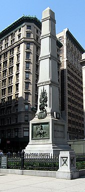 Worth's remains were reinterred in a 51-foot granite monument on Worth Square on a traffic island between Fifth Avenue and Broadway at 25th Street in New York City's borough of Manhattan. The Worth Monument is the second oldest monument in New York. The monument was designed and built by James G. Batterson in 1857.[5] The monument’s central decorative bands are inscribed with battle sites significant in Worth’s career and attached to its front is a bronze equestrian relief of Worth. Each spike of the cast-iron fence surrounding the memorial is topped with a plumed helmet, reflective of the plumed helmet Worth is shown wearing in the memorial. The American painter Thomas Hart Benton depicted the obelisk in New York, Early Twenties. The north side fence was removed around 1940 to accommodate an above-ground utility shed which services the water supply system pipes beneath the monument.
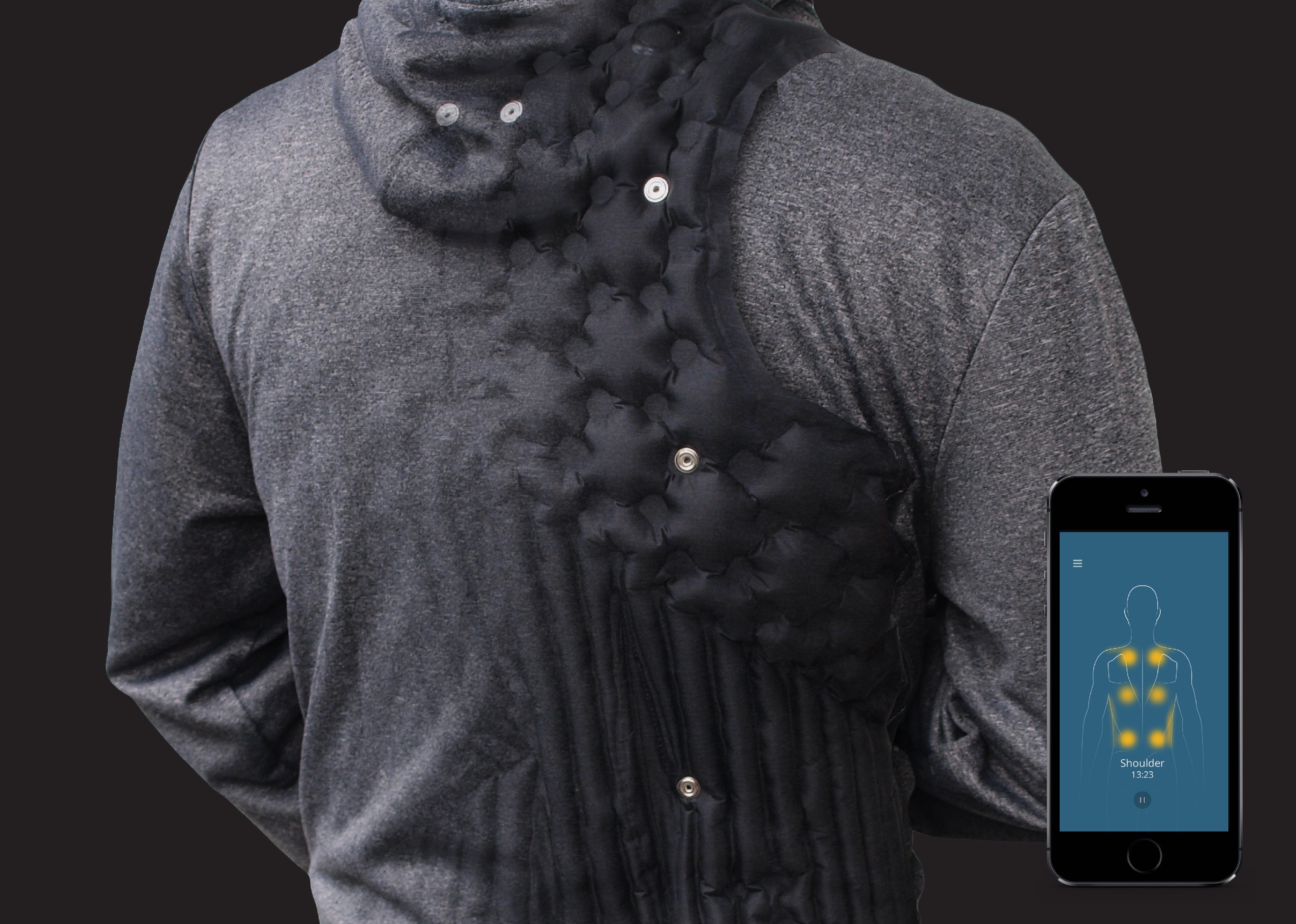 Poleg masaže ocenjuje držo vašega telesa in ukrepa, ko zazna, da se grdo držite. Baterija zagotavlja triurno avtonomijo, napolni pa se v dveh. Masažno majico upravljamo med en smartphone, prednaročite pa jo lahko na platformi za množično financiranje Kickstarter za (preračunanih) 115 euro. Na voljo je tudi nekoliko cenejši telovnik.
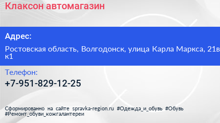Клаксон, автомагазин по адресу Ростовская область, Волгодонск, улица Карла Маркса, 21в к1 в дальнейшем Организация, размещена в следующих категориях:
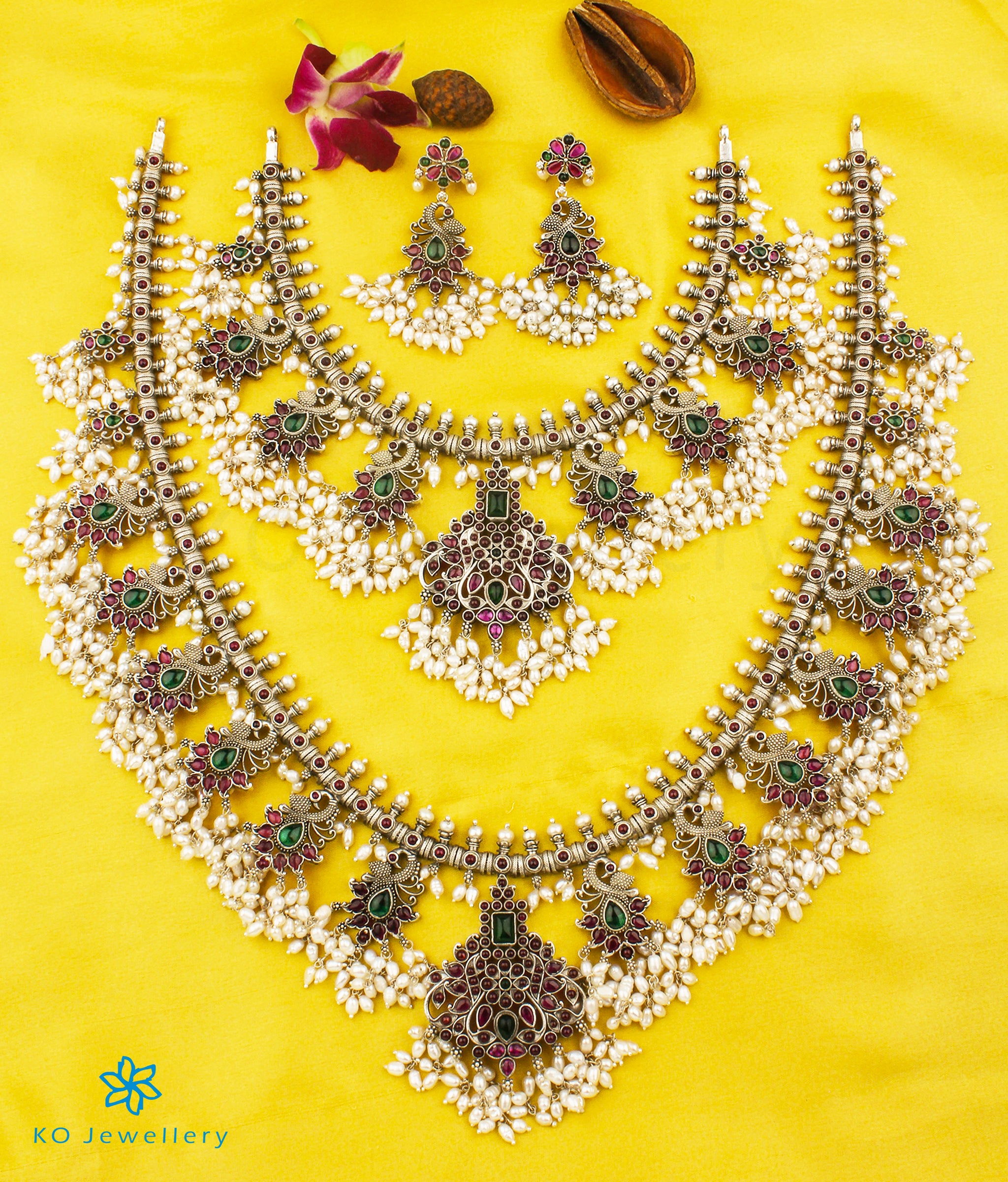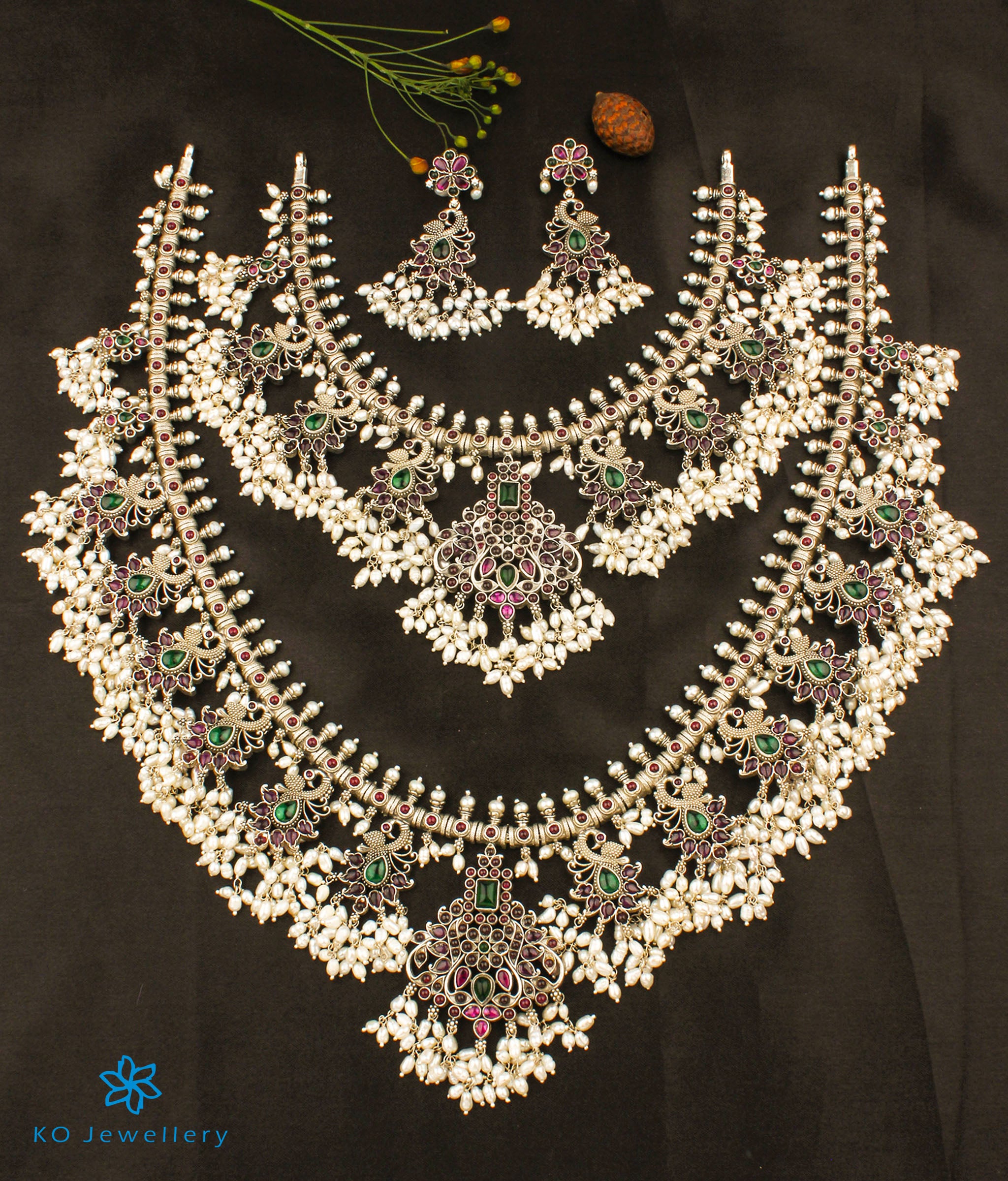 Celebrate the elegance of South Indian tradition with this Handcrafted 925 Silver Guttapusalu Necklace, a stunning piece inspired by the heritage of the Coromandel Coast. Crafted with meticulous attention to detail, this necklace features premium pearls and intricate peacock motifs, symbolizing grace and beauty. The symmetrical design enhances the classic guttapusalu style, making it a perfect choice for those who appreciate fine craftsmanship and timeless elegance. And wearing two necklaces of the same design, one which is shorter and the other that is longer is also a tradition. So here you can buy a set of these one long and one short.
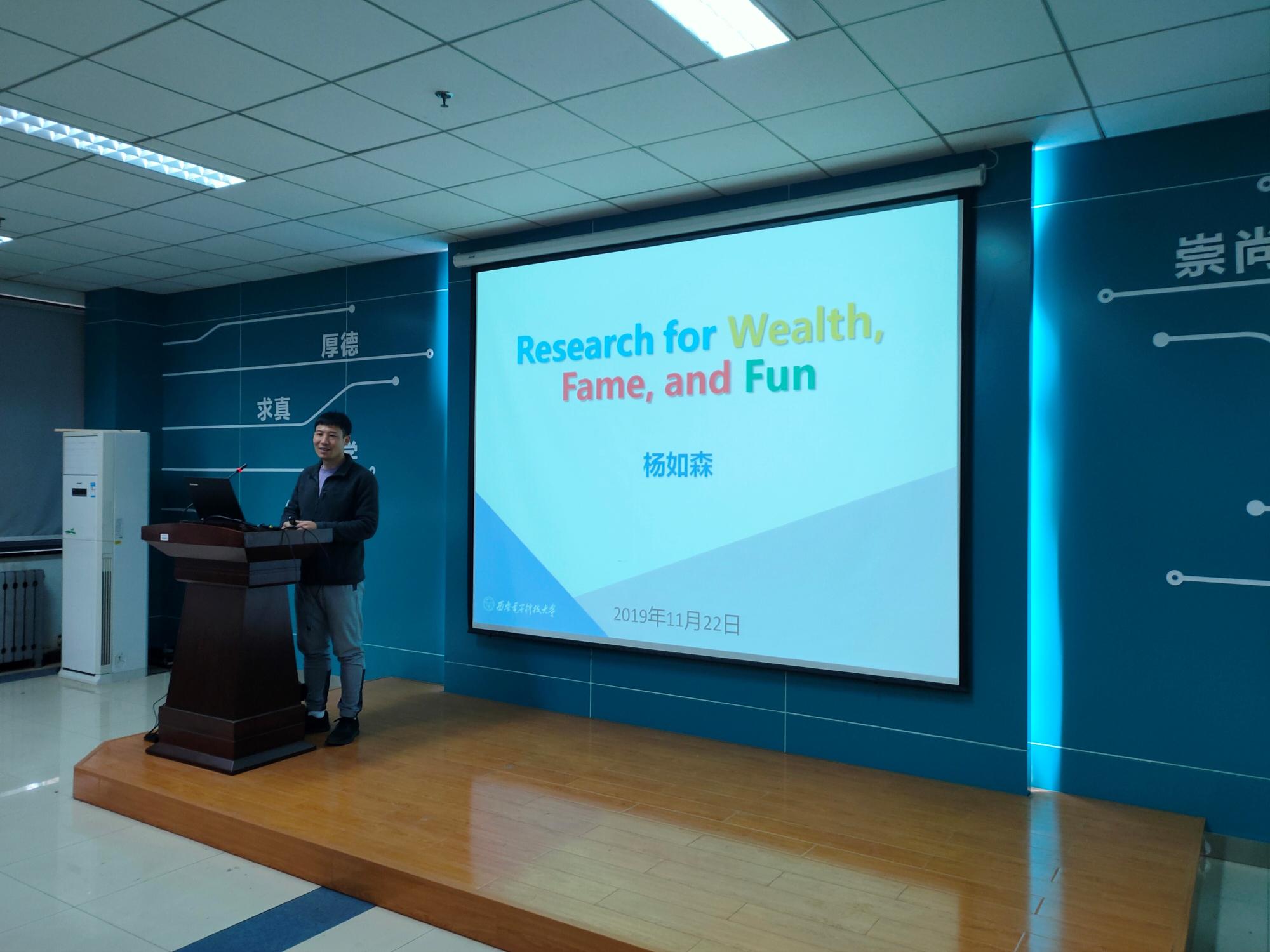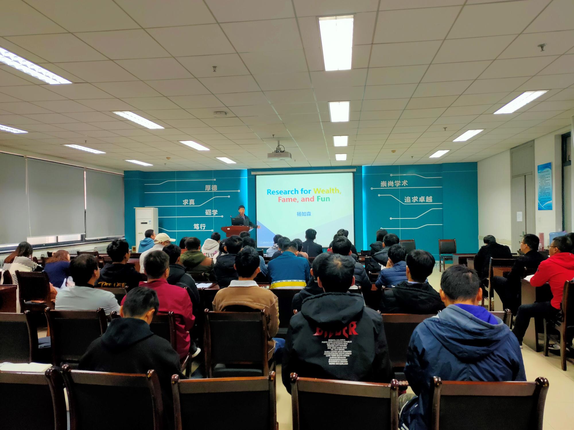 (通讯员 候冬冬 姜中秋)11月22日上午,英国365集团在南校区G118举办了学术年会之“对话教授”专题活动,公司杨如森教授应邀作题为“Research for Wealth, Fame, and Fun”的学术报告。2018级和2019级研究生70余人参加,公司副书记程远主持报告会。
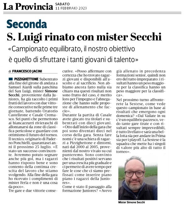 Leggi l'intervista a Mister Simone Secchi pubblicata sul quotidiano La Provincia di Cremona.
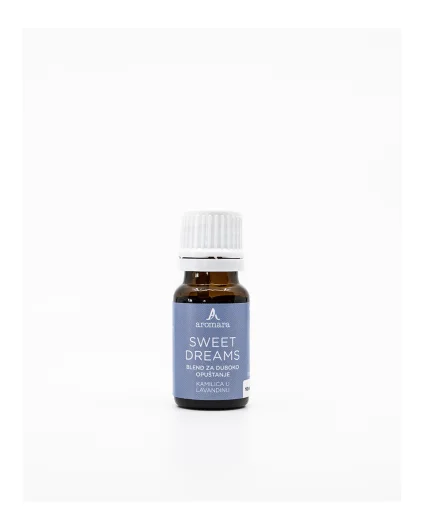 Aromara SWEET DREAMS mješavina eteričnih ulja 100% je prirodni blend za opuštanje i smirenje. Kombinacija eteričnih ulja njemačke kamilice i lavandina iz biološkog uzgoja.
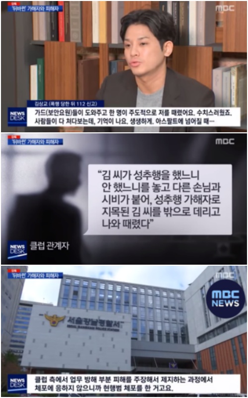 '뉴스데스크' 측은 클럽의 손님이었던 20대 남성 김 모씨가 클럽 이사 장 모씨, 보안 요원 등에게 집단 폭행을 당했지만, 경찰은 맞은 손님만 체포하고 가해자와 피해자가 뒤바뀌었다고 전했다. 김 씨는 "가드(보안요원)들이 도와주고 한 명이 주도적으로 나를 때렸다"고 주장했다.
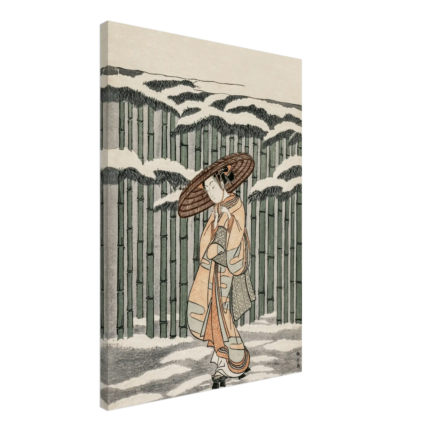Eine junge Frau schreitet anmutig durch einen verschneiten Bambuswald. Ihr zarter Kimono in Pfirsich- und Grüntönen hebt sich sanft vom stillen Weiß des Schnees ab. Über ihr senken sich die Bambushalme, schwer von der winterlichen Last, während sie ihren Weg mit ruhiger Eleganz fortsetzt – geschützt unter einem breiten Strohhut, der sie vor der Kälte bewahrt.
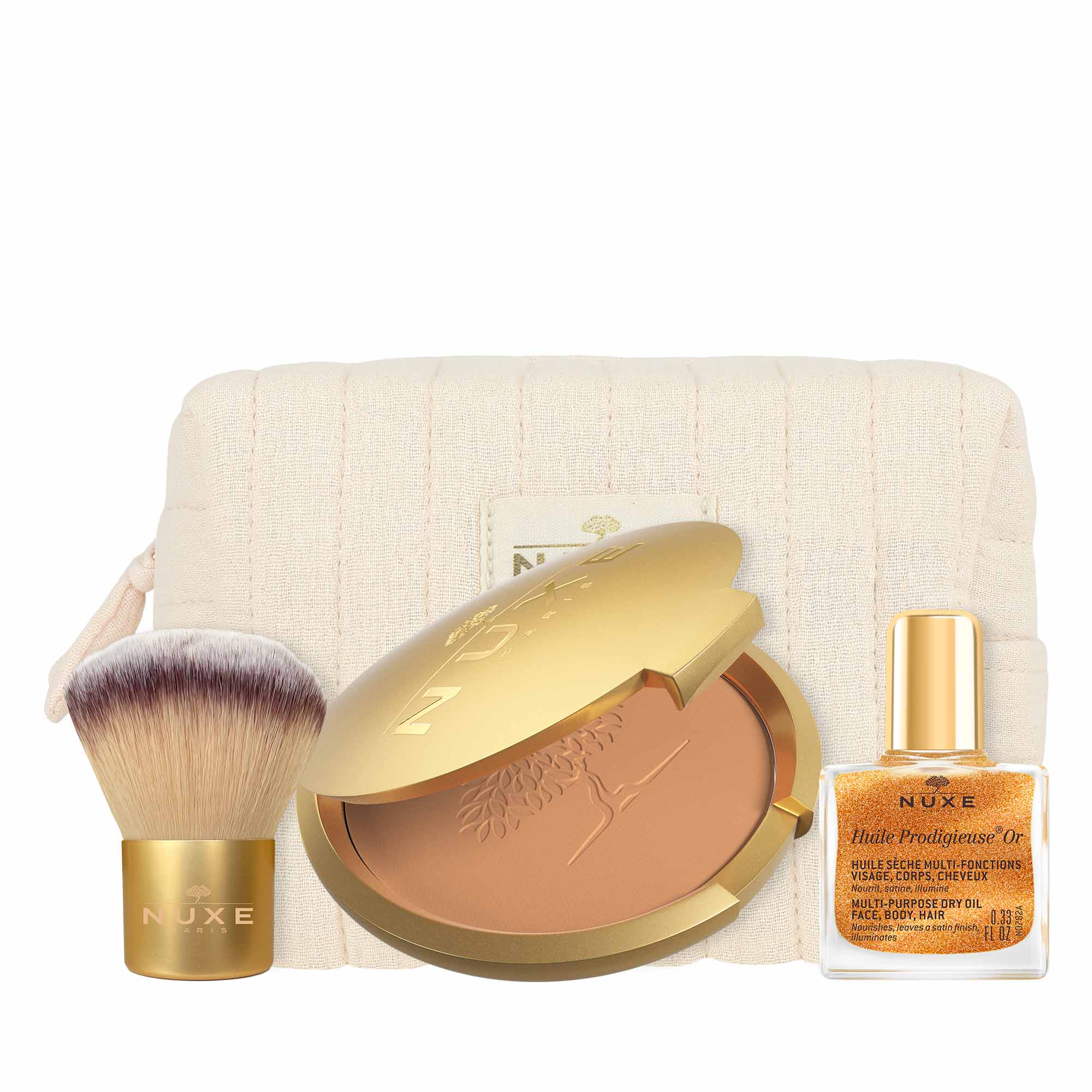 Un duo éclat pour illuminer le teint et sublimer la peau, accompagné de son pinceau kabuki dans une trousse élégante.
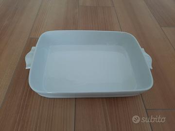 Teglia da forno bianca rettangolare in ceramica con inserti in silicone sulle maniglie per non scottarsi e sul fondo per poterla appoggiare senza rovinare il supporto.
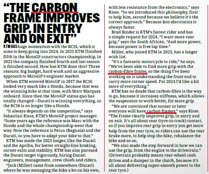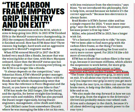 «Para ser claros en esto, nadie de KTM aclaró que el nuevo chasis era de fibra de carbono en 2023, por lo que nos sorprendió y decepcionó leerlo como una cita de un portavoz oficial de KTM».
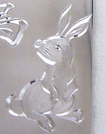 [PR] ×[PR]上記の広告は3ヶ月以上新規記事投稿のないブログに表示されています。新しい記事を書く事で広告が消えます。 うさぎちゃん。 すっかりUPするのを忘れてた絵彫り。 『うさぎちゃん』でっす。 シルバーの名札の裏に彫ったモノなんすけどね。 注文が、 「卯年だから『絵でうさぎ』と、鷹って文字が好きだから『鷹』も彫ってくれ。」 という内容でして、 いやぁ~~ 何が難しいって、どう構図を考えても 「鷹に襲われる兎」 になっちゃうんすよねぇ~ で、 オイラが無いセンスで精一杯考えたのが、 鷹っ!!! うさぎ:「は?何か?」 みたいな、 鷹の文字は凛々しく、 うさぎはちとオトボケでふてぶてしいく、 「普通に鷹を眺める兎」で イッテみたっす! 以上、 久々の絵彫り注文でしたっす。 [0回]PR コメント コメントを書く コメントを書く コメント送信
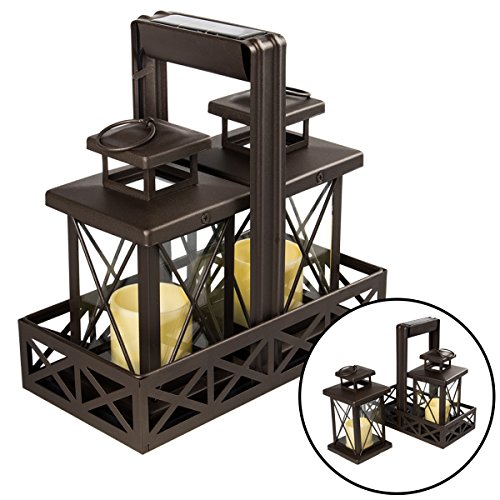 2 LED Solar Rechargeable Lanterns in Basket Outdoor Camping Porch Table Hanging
..............................
◆ **Task description**: Print only the lines running from the line that contains "ser claros en" to the final line of the listing, both included. Omit every picture.

◆ **Task output**:
 «Para ser claros en esto, nadie de KTM aclaró que el nuevo chasis era de fibra de carbono en 2023, por lo que nos sorprendió y decepcionó leerlo como una cita de un portavoz oficial de KTM».
 [PR] ×[PR]上記の広告は3ヶ月以上新規記事投稿のないブログに表示されています。新しい記事を書く事で広告が消えます。 うさぎちゃん。 すっかりUPするのを忘れてた絵彫り。 『うさぎちゃん』でっす。 シルバーの名札の裏に彫ったモノなんすけどね。 注文が、 「卯年だから『絵でうさぎ』と、鷹って文字が好きだから『鷹』も彫ってくれ。」 という内容でして、 いやぁ~~ 何が難しいって、どう構図を考えても 「鷹に襲われる兎」 になっちゃうんすよねぇ~ で、 オイラが無いセンスで精一杯考えたのが、 鷹っ!!! うさぎ:「は?何か?」 みたいな、 鷹の文字は凛々しく、 うさぎはちとオトボケでふてぶてしいく、 「普通に鷹を眺める兎」で イッテみたっす! 以上、 久々の絵彫り注文でしたっす。 [0回]PR コメント コメントを書く コメントを書く コメント送信
 2 LED Solar Rechargeable Lanterns in Basket Outdoor Camping Porch Table Hanging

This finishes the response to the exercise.